L’industrializzazione e la globalizzazione stanno distruggendo il pianeta blu. Nelle regioni polari i ghiacciai hanno iniziato a sciogliersi a causa del climate change. L’inquinamento sta diventando una minaccia sempre più rilevante per gli habitat e le specie marine. Gli stock ittici vengono sfruttati così intensamente da non riuscire più a rigenerarsi secondo i loro ritmi biologici naturali. E ancora, i cambiamenti climatici stanno modificando l’ecologia dell’oceano, favorendo l’espandersi di specie aliene (Greta e Valentina ne hanno parlato in questo articolo e in questa intervista al Dr. Francesco Tiralongo) e la scomparsa di altre, come i coralli (ne ha parlato qui Alessia Carradorini).

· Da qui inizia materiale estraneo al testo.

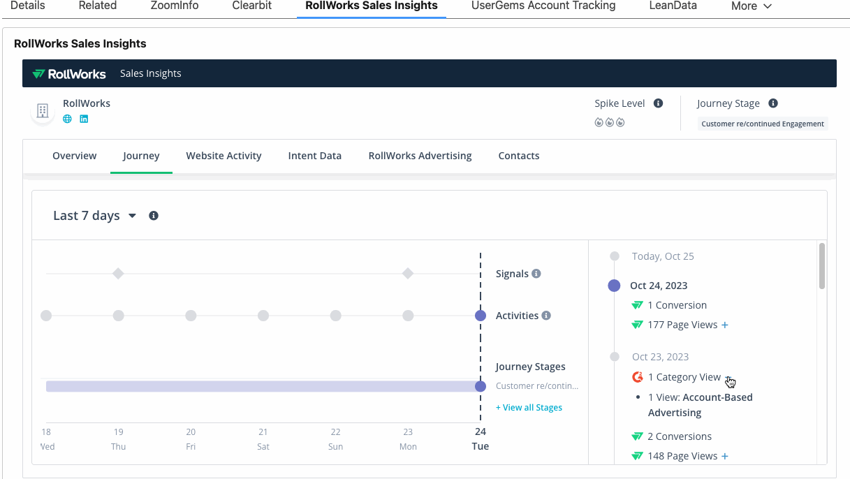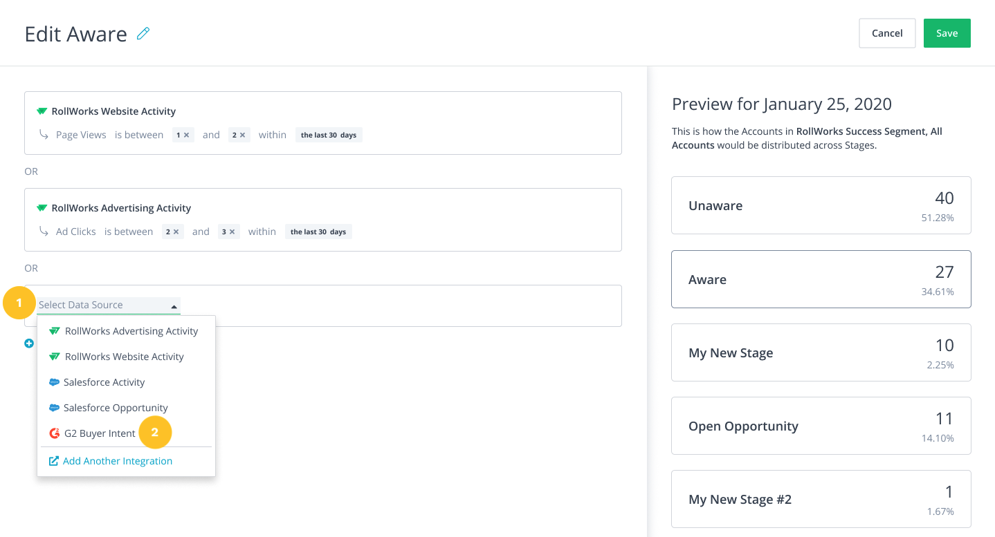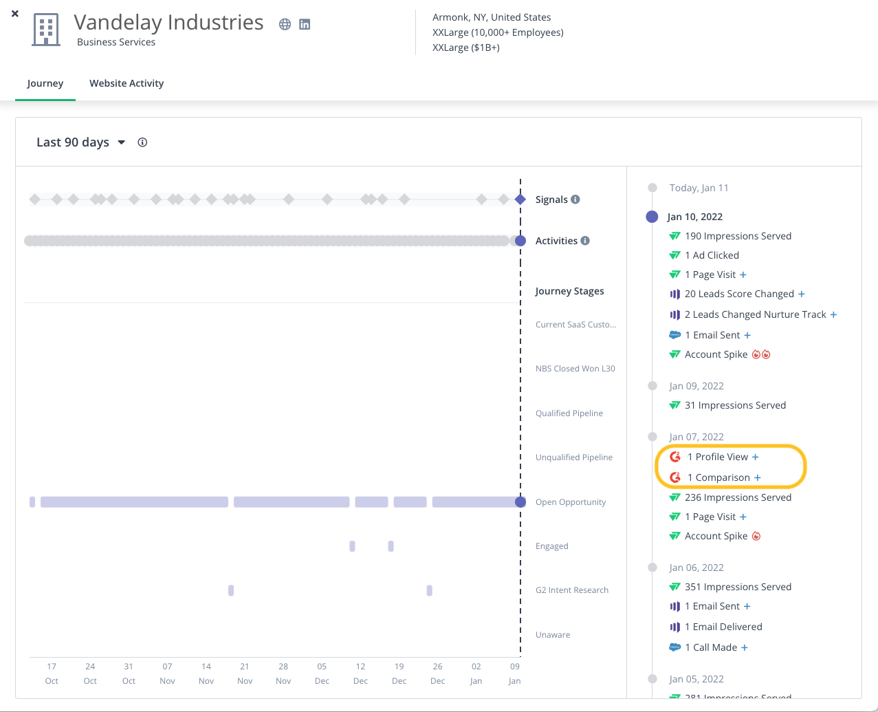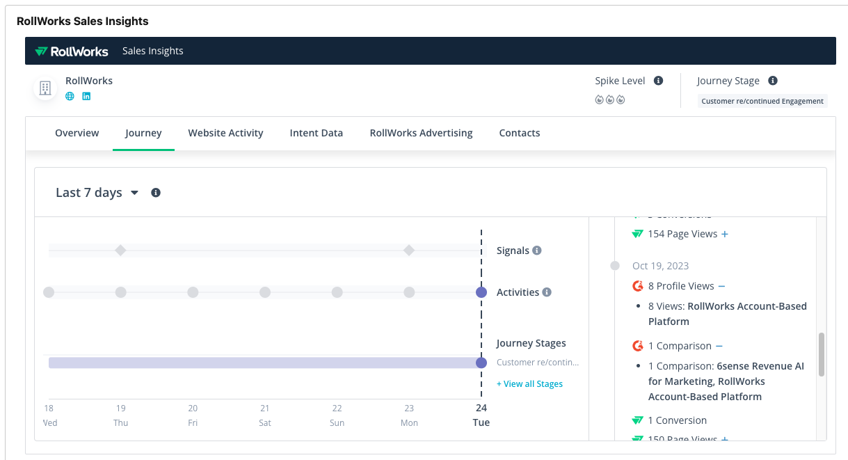 - High-intent accounts bucket into their appropriate RollWorks Journey Stages based on their research behaviors on G2.com.Â
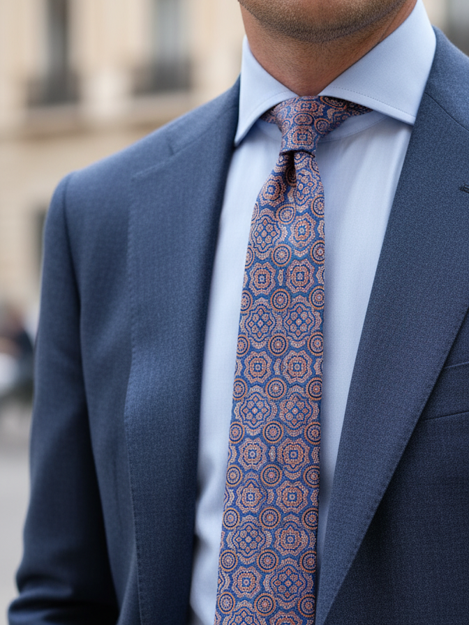 Inspirada en la riqueza cromática de los patios y plazas del sur, esta corbata despliega un patrón vibrante que recuerda los suelos de mosaico hidráulico tan característico de Andalucía. Un accesorio con alma artística, perfecto para destacar con personalidad.

“Pensavamo che il mare fosse infinito, ma in realtà ha dei limiti che sono stati rispettati per milioni di anni, creando un perfetto equilibrio tra specie e oceano. Ma l’uomo è riuscito a distruggere ciò che era buono solo perché non apparteneva a nessuno e perché fonte di ricchezza economica. Ma domani cosa ci rimarrà? Ad oggi, 400 aree marine sono state dichiate morte “death zone”, prive di risorse o incapaci di supportare la vita marina. Inquinare in questo modo il mare significa avvelenare noi stessi, in definitiva” afferma Bertrand.
Il fotografo, però, lascia una finestra aperta sulla possibilità di rimediare: “voglio credere che saremo in grado di cambiare e reagire prima che sia troppo tardi”. Indica poi possibili soluzioni che possono essere applicate da ognuno di noi per fare la differenza nel nostro piccolo. Con questo documentario, gli autori vogliono cambiare il modo di vedere e di pensare del pubblico, spiegando con semplicità il mistero e la ricchezza del nostro Pianeta, attraverso le esperienze umane più meravigliose e più terribili del nostro tempo.
“We can react in time! We have time to save our ocean planet!”